**TASK DETAILS:**
Return only those lines of the listing that hold the word "Anniversary".
DATA EXTRACTS START
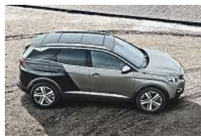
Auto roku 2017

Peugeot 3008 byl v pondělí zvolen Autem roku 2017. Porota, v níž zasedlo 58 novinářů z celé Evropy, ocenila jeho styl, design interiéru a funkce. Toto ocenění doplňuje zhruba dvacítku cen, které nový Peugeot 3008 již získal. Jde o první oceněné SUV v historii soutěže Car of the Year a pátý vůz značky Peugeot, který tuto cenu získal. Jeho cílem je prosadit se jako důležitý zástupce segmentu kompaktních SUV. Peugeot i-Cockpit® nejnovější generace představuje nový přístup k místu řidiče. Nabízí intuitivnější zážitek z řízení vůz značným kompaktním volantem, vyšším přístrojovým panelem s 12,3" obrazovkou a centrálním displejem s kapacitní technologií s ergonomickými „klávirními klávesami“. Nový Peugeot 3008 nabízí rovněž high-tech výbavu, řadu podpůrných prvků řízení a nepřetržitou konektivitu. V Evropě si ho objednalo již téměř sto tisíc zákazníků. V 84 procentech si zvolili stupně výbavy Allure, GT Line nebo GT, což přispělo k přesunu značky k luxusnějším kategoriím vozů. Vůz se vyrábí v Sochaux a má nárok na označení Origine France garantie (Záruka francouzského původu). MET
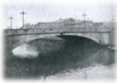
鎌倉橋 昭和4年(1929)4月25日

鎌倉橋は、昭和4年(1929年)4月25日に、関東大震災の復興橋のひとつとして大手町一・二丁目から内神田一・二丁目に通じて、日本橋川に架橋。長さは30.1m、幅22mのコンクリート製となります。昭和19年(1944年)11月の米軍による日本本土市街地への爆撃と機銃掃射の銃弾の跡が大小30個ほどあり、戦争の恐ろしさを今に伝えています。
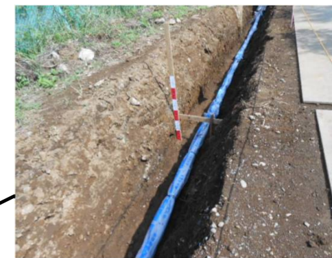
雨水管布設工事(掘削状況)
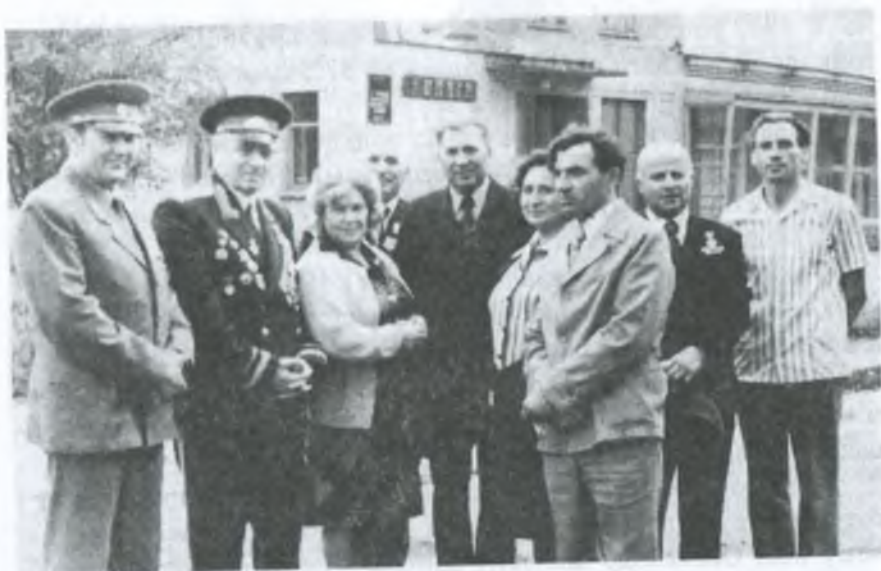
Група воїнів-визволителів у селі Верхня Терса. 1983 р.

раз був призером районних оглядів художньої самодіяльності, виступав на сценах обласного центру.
DATA EXTRACTS END
DATA EXTRACTS START
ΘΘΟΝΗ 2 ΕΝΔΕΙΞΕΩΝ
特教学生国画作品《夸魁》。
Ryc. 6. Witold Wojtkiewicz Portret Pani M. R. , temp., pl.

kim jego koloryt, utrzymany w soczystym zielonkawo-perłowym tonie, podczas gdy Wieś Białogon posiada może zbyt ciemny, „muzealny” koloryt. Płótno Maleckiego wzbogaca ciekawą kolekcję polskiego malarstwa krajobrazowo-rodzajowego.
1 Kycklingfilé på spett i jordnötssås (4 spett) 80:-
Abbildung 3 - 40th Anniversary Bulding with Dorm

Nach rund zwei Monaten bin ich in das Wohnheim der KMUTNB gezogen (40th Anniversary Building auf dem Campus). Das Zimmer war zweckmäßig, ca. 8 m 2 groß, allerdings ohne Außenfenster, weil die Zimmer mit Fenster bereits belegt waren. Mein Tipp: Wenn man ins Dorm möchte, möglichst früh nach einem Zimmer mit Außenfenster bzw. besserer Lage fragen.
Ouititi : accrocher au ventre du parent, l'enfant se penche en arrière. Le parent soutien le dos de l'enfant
DATA EXTRACTS END
DATA EXTRACTS START
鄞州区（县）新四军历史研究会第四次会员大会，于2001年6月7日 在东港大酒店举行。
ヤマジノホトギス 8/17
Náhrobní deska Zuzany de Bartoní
DATA EXTRACTS END
**ANSWER FOR THE TASK:**
Abbildung 3 - 40th Anniversary Bulding with Dorm
Nach rund zwei Monaten bin ich in das Wohnheim der KMUTNB gezogen (40th Anniversary Building auf dem Campus). Das Zimmer war zweckmäßig, ca. 8 m 2 groß, allerdings ohne Außenfenster, weil die Zimmer mit Fenster bereits belegt waren. Mein Tipp: Wenn man ins Dorm möchte, möglichst früh nach einem Zimmer mit Außenfenster bzw. besserer Lage fragen.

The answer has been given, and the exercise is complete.